What is required »
Return the listing below verbatim. Pictures do not belong in the copy.

Provided data »
------------------------------------
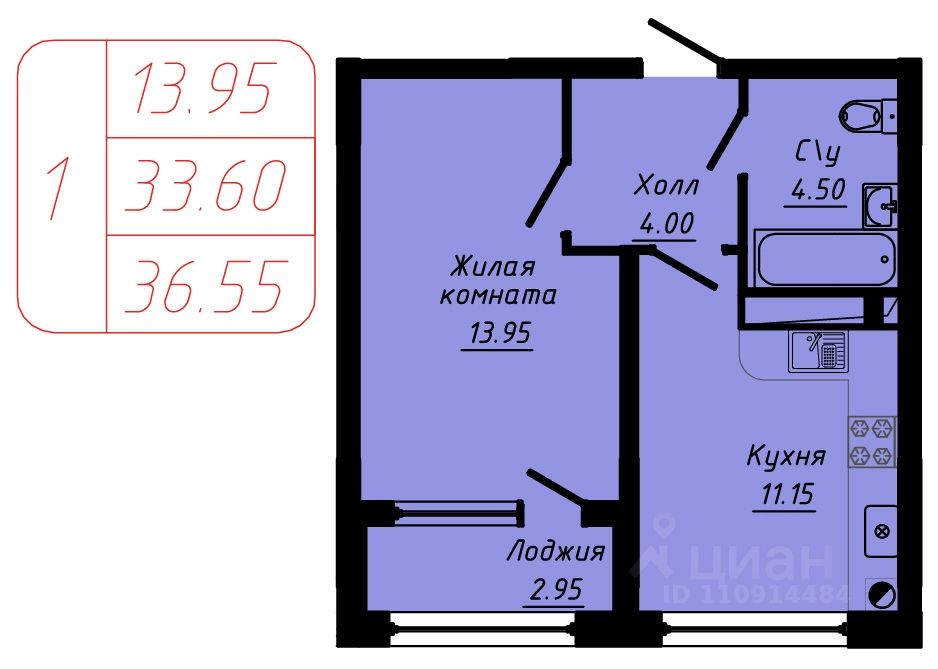 Продаётся 1-комнатная квартира в строящемся доме (3 этап), срок сдачи: III-кв. 2027, общей площадью 36.55 кв.м., на 5 этаже.
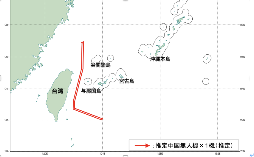 11月24日、午前から午後にかけて中国軍無人機が与那国島―台湾間の海峡を通過太平洋に進出、台湾東の海上を飛行した後、反転、往路と同じ経路で東シナ海に戻った。
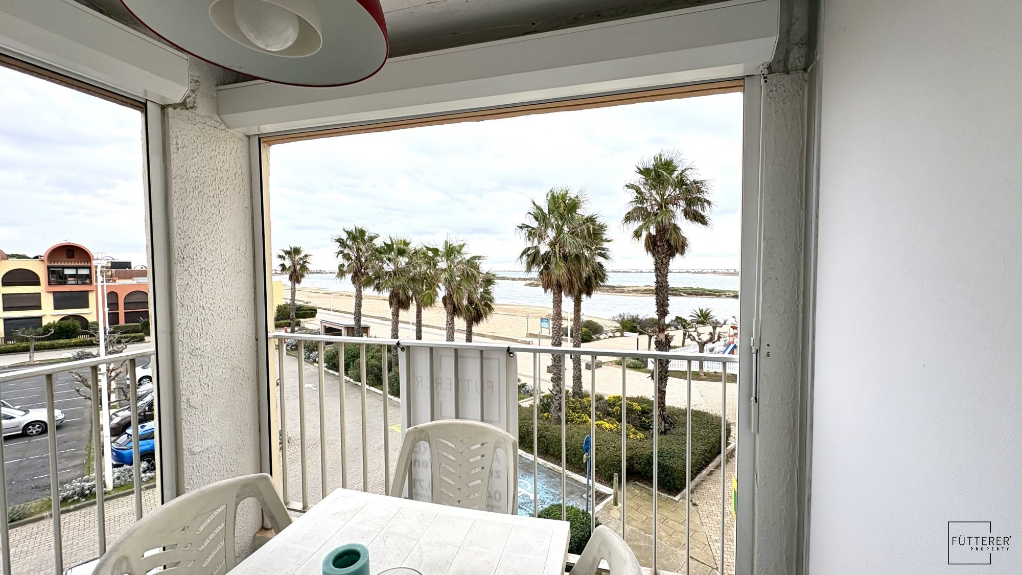 Fütterer Property vous présente à Gruissan Rive Gauche - Grazel : Dans une résidence sécurisée, un appartement traversant de type 2 pièces + cabine de 36 m² avec une vue exceptionnelle et dégagée sur la plage du Grazel et la mer.
------------------------------------
Reply »
 Продаётся 1-комнатная квартира в строящемся доме (3 этап), срок сдачи: III-кв. 2027, общей площадью 36.55 кв.м., на 5 этаже.
 11月24日、午前から午後にかけて中国軍無人機が与那国島―台湾間の海峡を通過太平洋に進出、台湾東の海上を飛行した後、反転、往路と同じ経路で東シナ海に戻った。
 Fütterer Property vous présente à Gruissan Rive Gauche - Grazel : Dans une résidence sécurisée, un appartement traversant de type 2 pièces + cabine de 36 m² avec une vue exceptionnelle et dégagée sur la plage du Grazel et la mer.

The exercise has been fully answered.